[Opening DATASET SECTION section]
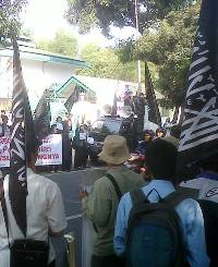 "SBY sebagai kepala penguasa negara muslim terbesar di dunia, SBY harus memiliki tanggung jawab membela dan menolang umat muslim di dunia," ujar Ketua DPP HTI, Rohmat S. Labib di depan Kedubes Myanmar, Jakarta Pusat, Jumat, (3/8).
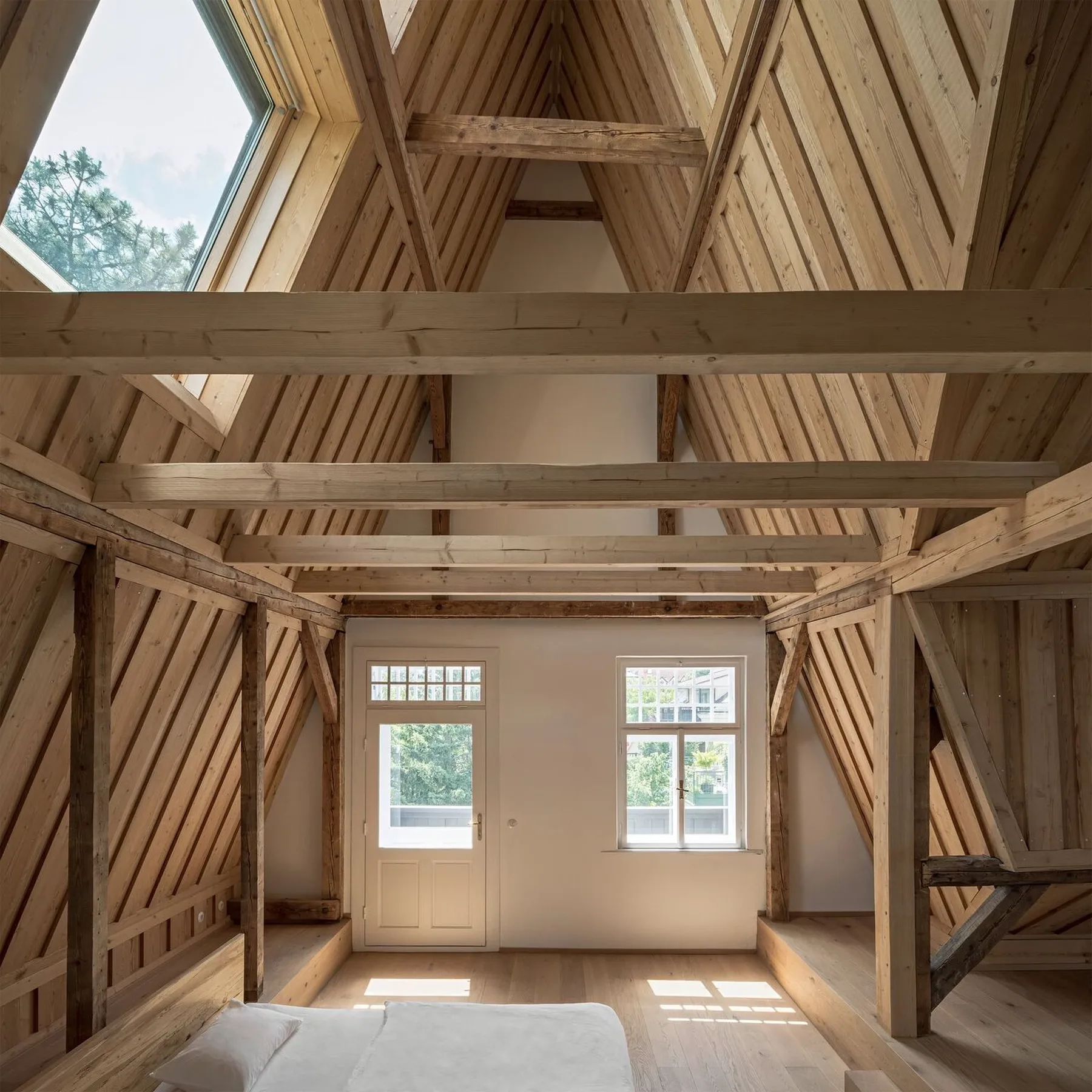 The extension to Villa Sternberg was conceived as a lightweight timber structure that would contrast with the solidity of the main building while remaining visually calm within the landscape. Large glazed openings were central to this concept, allowing the interior spaces to open fully toward the surrounding terrain. The key challenge was accommodating sliding doors in a timber framed extension without compromising the clarity of the architecture. The timber structure imposed tight tolerances, and the glazing needed to sit flush with both internal and external finishes. Visual consistency, structural coordination, and long‑term movement within the timber frame all required careful consideration.
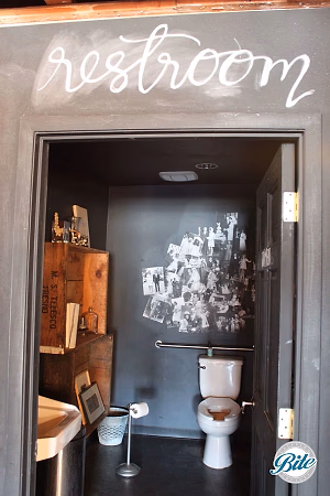 Anything but your boring standard restroom, with colorful chalk areas to customize and fun photographic elements inside
[Closing DATASET SECTION section]
#### HOW TO COMPLETE THIS TASK
Every line of the data above is to be set down word for word, with the pictures left out.

#### SOLUTION FOR THIS TASK
 "SBY sebagai kepala penguasa negara muslim terbesar di dunia, SBY harus memiliki tanggung jawab membela dan menolang umat muslim di dunia," ujar Ketua DPP HTI, Rohmat S. Labib di depan Kedubes Myanmar, Jakarta Pusat, Jumat, (3/8).
 The extension to Villa Sternberg was conceived as a lightweight timber structure that would contrast with the solidity of the main building while remaining visually calm within the landscape. Large glazed openings were central to this concept, allowing the interior spaces to open fully toward the surrounding terrain. The key challenge was accommodating sliding doors in a timber framed extension without compromising the clarity of the architecture. The timber structure imposed tight tolerances, and the glazing needed to sit flush with both internal and external finishes. Visual consistency, structural coordination, and long‑term movement within the timber frame all required careful consideration.
 Anything but your boring standard restroom, with colorful chalk areas to customize and fun photographic elements inside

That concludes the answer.